Myeloperoxidase (MPO)-histone complexes were measured using a previously established sandwich enzyme-linked immunosorbent assay (ELISA), as reported earlier by de Buhr et. al. [21]. For this we used components of the Cell Death Detection ELISAPLUS Kit (Roche11774425001). The additional antibodies used were a rabbit anti-human MPO antibody (Merck Millipore #07–496-I, 1 mg/mL; 1:200 diluted in 1% PBS-BSA (bovine serum albumin, Roth CP84.2 or 1ETA.2)) and goat anti-rabbit IgG HRP conjugated (Merck Millipore #12–348, 1:5000 diluted in PBS). For this analysis we used 100 µl of EDTA buffered plasma per sample at baseline and after seven days.

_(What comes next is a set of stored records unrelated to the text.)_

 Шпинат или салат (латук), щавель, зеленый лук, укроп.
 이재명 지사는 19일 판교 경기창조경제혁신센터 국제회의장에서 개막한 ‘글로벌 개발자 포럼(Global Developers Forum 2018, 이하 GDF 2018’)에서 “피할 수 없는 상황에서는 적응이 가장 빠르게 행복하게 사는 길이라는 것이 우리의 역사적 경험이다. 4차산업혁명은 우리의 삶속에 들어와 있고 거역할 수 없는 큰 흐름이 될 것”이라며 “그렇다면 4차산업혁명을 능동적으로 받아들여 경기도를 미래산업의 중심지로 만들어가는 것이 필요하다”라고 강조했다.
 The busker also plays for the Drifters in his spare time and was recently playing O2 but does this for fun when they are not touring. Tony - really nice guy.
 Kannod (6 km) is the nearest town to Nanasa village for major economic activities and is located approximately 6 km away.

Cell-free DNA was measured in 25 µl citrate buffered plasma at baseline and after seven days using a Quant-iT™ PicoGreen® assay (Invitrogen, Carlsbad, California, USA, P11496) as described previously [21].

DNase activity was measured in 25 µl serum at baseline and after seven days using a DNase I Activity Assay Kit (BioVision, Milpitas, California, USA, Fluorometric, K429-100), according to the manufacturer’s instructions.

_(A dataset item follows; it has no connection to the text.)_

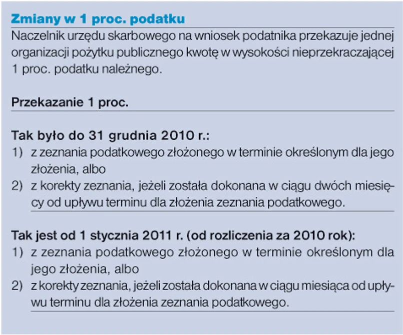 1 września 2010 r. weszły w życie znowelizowane przepisy ustawy o działalności pożytku publicznego i wolontariacie oraz innych ustaw. Zmieniły one też regulacje ustaw podatkowych dotyczące przekazywania 1 proc. podatku dla organizacji pożytku publicznego. Nowe zasady mają zastosowanie po raz pierwszy w rozliczeniu za ubiegły rok.

The cytokine analysis was only conducted for cohort 2 since this has already been reported for cohort 1 in a previous work by our group [22]. The second group was analyzed using a MERCK Milliplex® Immunology Multiplex Assay (Merck Millipore #HCYTA-60 K-38C) according to the manufacturer’ s instructions. We analyzed EDTA buffered blood plasma samples taken at both baseline and after seven days.

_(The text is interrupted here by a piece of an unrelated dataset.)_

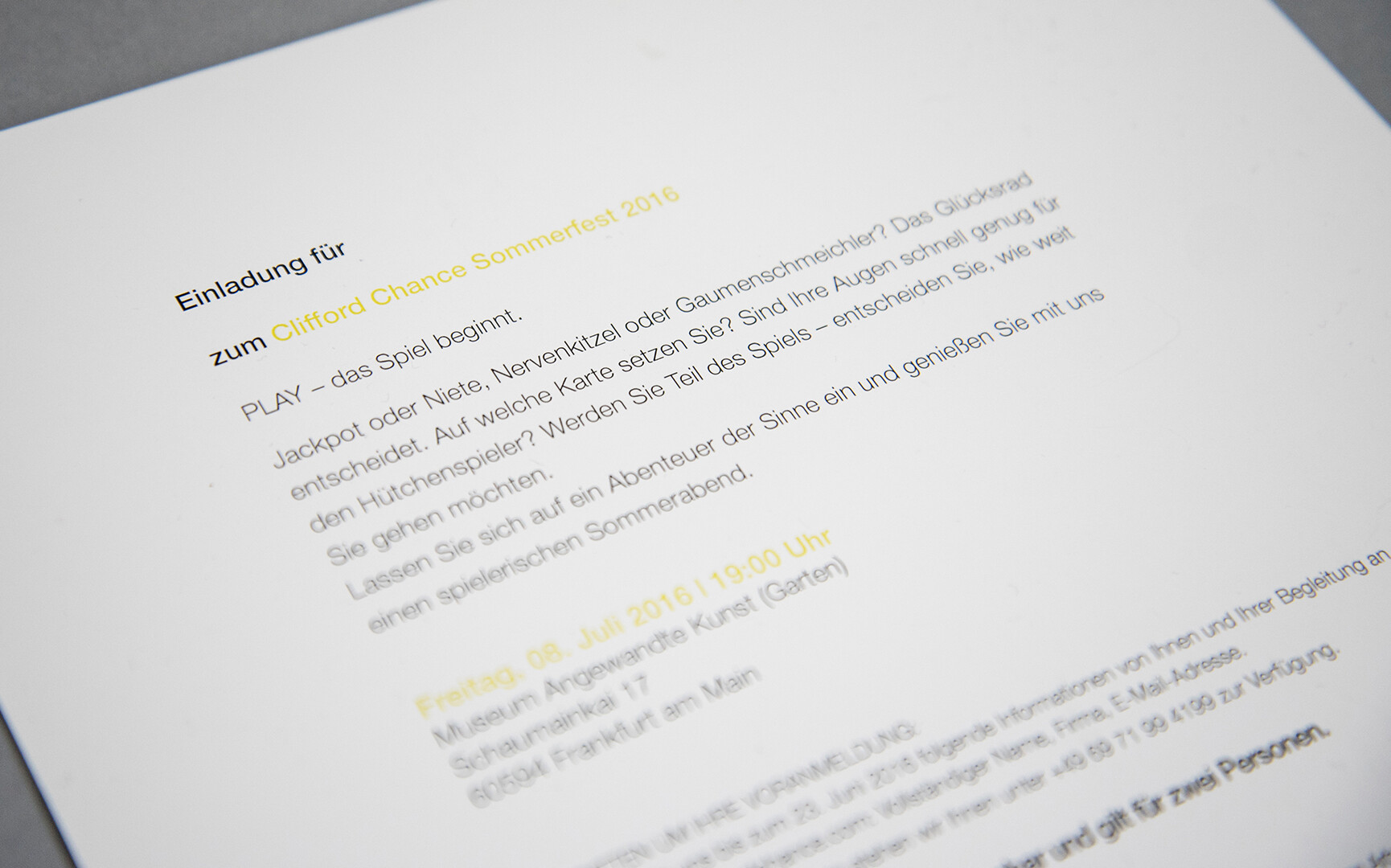 Mal ist es eine Reise zum Mond, mal in den Garten der glücklichen Zufälle – beim Sommerfest der Anwaltssozietät Clifford Chance entführte Jazzunique die Gäste jedes Mal in neue Welten. Dies gilt auch für das Design – hier erinnerte nichts mehr an das eher konservative Klischee der Branche. Verspieltheit, Kreativität und Mottotreue bestimmten die Gestaltung – so wurde die Einladungskarte kurzerhand zur Schallplatte oder der Veranstaltungsname stand plötzlich Kopf. Durch die visuellen Teaser stimmten wir die Gäste bereits auf die detailgetreue Themenwelt ein, die sie auf der Veranstaltung erwartete.

Statistical analyses were conducted using IBM SPSS Statistics Version 28 and 29. The correlation between thrombus composition and NET markers in blood was evaluated using the Spearman rank test. The same test was used to identify correlations between the various NET markers and cytokines. To evaluate potential differences in blood markers due to different approaches of sample collection (i.e., venous vs. arterial puncture), in both cohorts’ blood markers were compared using the Mann–Whitney-U-test. An evaluation of the NET markers and the clinical parameters and outcomes was conducted using Mann–Whitney-U-test and Kruskal–Wallis-H-test for continuous data. For categorical data the Chi square test or Fisher’s exact test were used, as appropriate. Binary logistic regression analysis was performed on the association of MPO-histone complexes and mTICI score adjusting for intravenous thrombolysis and stroke etiology. These confounders were identified by testing for significant differences between outcome groups using the above-mentioned statistical tests and were also theoretically reasoned confounders in the causal path between exposure and outcome.